Activity: Your job with the data below is to output exactly the lines from the one holding "从基金规模来看,尚正竞争优势" down to the one holding "3、正确教育 2024年高考预测密卷二卷(河北地区专用)政治(河北)答案", both included, and no others.

*** Opening of Exercise data ***

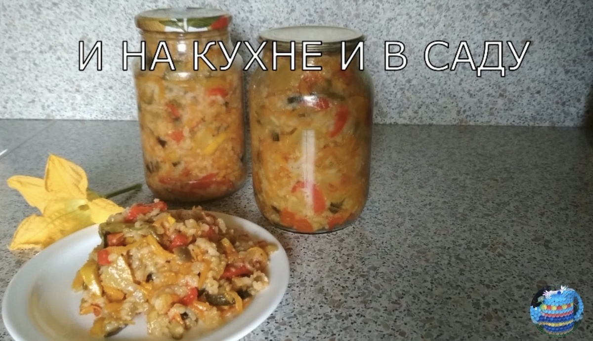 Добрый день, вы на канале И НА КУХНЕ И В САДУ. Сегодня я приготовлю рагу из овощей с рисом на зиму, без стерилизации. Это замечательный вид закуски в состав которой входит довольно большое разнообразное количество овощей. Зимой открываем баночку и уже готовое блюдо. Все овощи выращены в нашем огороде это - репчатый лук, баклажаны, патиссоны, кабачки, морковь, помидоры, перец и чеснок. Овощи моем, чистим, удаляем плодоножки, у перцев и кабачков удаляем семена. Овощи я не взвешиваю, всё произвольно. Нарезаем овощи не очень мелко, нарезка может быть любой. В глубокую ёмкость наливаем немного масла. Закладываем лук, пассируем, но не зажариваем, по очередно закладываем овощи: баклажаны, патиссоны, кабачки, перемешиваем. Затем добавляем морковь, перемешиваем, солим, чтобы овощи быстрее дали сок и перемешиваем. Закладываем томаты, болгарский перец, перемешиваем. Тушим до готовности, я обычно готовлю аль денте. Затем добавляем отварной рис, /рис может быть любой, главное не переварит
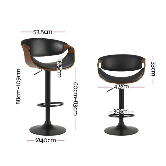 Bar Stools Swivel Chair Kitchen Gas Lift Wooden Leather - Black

*** Close of Exercise data ***
*** Opening of Exercise data ***

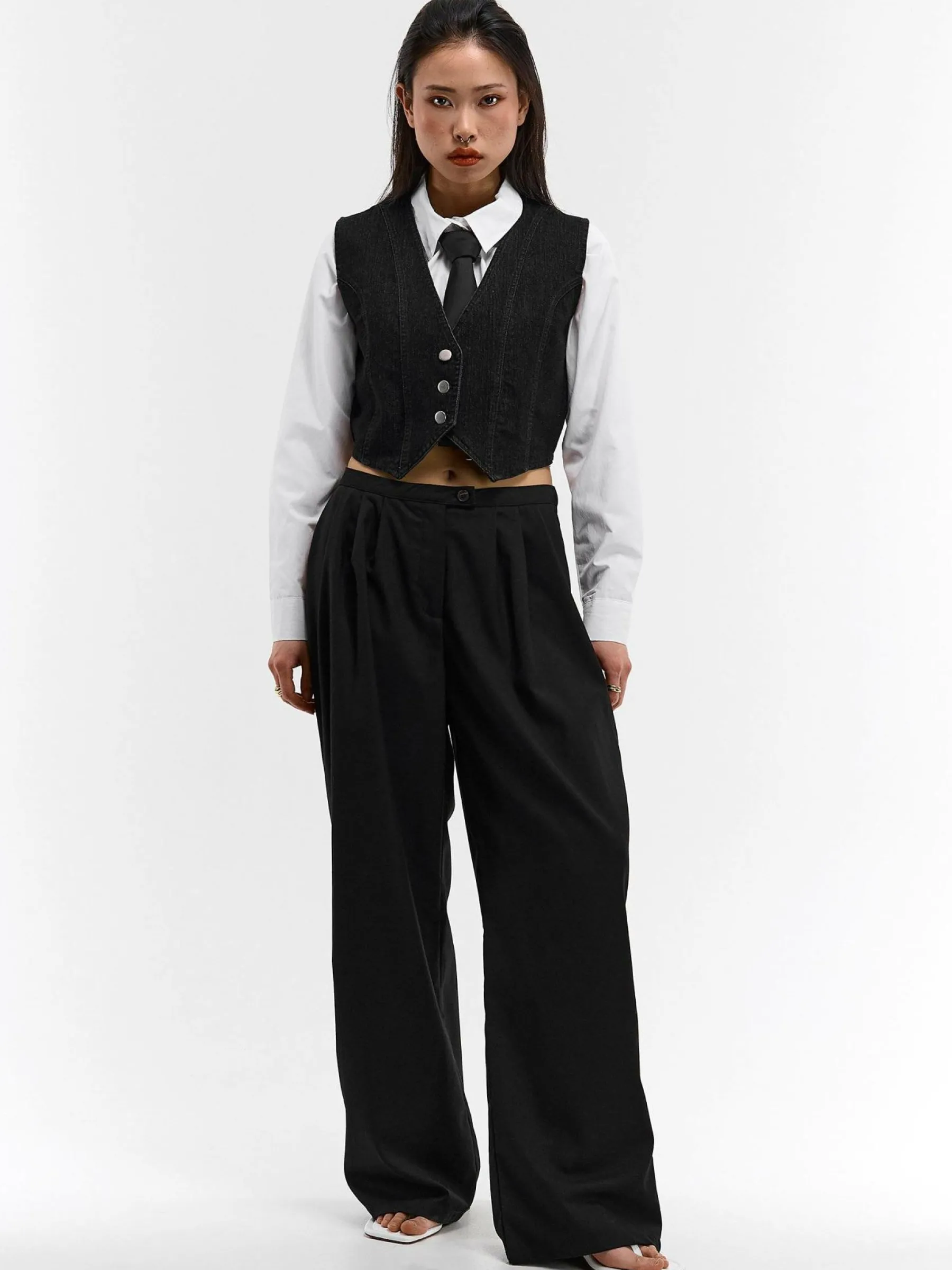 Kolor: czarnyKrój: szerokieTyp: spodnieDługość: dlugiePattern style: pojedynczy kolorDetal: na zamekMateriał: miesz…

*** Close of Exercise data ***
*** Opening of Exercise data ***

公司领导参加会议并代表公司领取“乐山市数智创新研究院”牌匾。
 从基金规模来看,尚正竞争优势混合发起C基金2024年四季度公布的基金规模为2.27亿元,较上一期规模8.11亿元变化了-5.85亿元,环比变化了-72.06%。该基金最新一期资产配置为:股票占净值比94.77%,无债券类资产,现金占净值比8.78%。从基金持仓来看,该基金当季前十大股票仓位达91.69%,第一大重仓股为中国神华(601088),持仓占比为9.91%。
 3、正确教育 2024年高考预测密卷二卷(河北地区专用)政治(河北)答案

*** Close of Exercise data ***

Result below:
 从基金规模来看,尚正竞争优势混合发起C基金2024年四季度公布的基金规模为2.27亿元,较上一期规模8.11亿元变化了-5.85亿元,环比变化了-72.06%。该基金最新一期资产配置为:股票占净值比94.77%,无债券类资产,现金占净值比8.78%。从基金持仓来看,该基金当季前十大股票仓位达91.69%,第一大重仓股为中国神华(601088),持仓占比为9.91%。
 3、正确教育 2024年高考预测密卷二卷(河北地区专用)政治(河北)答案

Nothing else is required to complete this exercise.